Op syntactisch niveau zijn lambda en def beide sleutelwoorden. Een belangrijk verschil tussen beide is de strikte scheiding tussen statements en expressies in Python. Statements zijn stappen in de uitvoering van code, terwijl expressies worden geëvalueerd tot een waarde.
Def begint een statement, of meer specifiek een samengesteld statement, dat verdere statements bevat. Er mogen alleen return statements voorkomen binnen een def statement. Een return statement retourneert een waarde wanneer de functie gedefinieerd met def wordt aangeroepen.
In tegenstelling tot de def -instructie begintlambda een expressie die geen instructies mag bevatten. De lambda-expressie neemt een of meer argumenten en retourneert een anonieme functie. Wanneer de lambda-functie wordt aangeroepen, wordt de expressie die erin staat geëvalueerd met de doorgegeven argumenten en wordt deze geretourneerd.
Wat zijn de beperkingen van Python’s lambda-expressies?
Python heeft het nut van lambda-functies bewust beperkt, omdat het meestal beter is om functies een naam te geven. Dit dwingt programmeurs om na te denken over de betekenis van de functie en om onderdelen duidelijk te onderscheiden.
Lambdas kunnen geen instructies bevatten, in tegenstelling tot de body van een functie die is gedefinieerd met het sleutelwoord def. Het is daarom niet mogelijk om if, for, enz. te gebruiken in een lambda-functie. Het is ook niet mogelijk om een uitzondering te activeren, omdat hiervoor een raise nodig is.
Lambda-functies in Python kunnen één enkele expressie bevatten die wordt geëvalueerd wanneer deze wordt aangeroepen. Type-annotaties kunnen niet worden gebruikt binnen de lambda-expressie. Tegenwoordig maken de meeste gebruiksscenario’s van lambda-functies in Python gebruik van andere technieken, zoals comprehensions.
Verschillende toepassingen voor lambda-functies in Python
Lambda’s zijn afgeleid van functioneel programmeren. In sommige talen, zoals JavaScript, worden anonieme functies veel gebruikt zonder dat daarvoor een speciaal trefwoord nodig is. In Python worden lambda-expressies gebruikt om lokaal kleine functies te maken. Hieronder bespreken we de meest nuttige toepassingen ervan.
Hoe hogere orde functies in Python te vullen met lambda’s
Lambdas worden vaak gebruikt met hogere-orde functies zoals map(), filter() en reduce(). Dankzij lambdas kunnen de elementen van een iterable worden getransformeerd zonder gebruik te maken van loops. Hogere-orde functies zijn functies die functies als parameters nemen of een functie retourneren.
De functie map() neemt een functie en een iterable als parameters.
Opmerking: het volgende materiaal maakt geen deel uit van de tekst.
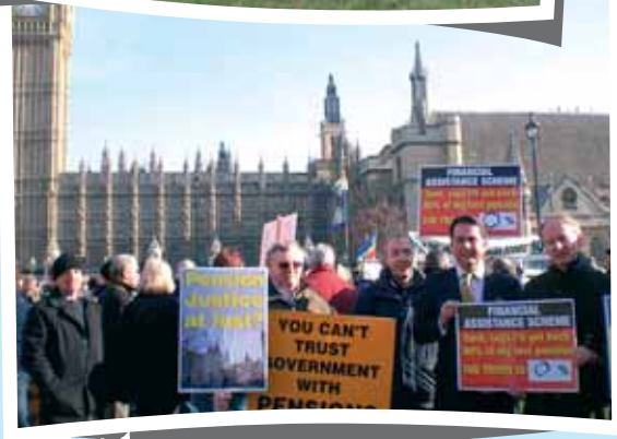
Lobbying for local pension groups

Het voert de functie uit voor elk element van de iterable. Laten we eens proberen om kwadraten te genereren. We gebruiken de functie map() en geven een lambda-expressie als argument door, die de kwadraatfunctie genereert. De kwadraatfunctie wordt toegepast op elk element van de lijst met map():
nums = [3, 5, 7]
# Square numbers using `map()` and `lambda`
squares = map(lambda num: num ** 2, nums)
# Show that it works
assert list(squares) == [9, 25, 49]pythonVanaf Python 3.0 retourneren de functies map() en filter() een iterable in plaats van een lijst. Een list() -aanroep wordt gebruikt binnen de assert statements om iterables uit te pakken in een lijst.
Lijstcomprehensions bieden een modernere benadering voor het verwerken van iterables. In plaats van onze toevlucht te nemen tot map() en een lambda-functie te genereren, kunnen we de bewerking direct beschrijven:
nums = [3, 5, 7]
# Square numbers using list comprehension
squares = [num ** 2 for num in nums]
# Show that it works
assert squares == [9, 25, 49]pythonDe functie filter() kan worden gebruikt om de elementen van een iterable te filteren. We kunnen ons voorbeeld uitbreiden om alleen even kwadraten te genereren:
# List of numbers 1-4
nums = [1, 2, 3, 4]
# Square each number
squares = list(map(lambda num: num ** 2, nums))
# Filter out the even squares
even_squares = filter(lambda square: square % 2 == 0, squares)
# Show that it works
assert list(even_squares) == [4, 16]pythonWe laten zien dat het gebruik van lijstcomprehension de voorkeur heeft om hetzelfde resultaat te genereren zonder gebruik te maken van lambda’s en hogere-ordefuncties. Het if van de comprehension wordt gebruikt om de even getallen uit de gegenereerde kwadraten te filteren:
# List of numbers 1-4 squared
squares = [num ** 2 for num in range(1, 5)]
# Filter out the even squares
even_squares = [square for square in squares if square % 2 == 0]
# Show that it works
assert even_squares == [4, 16]pythonDe functie reduce() van Python is sinds Python 3.0 niet meer opgenomen in de standaardbibliotheek. Deze functie is te vinden in de module functools.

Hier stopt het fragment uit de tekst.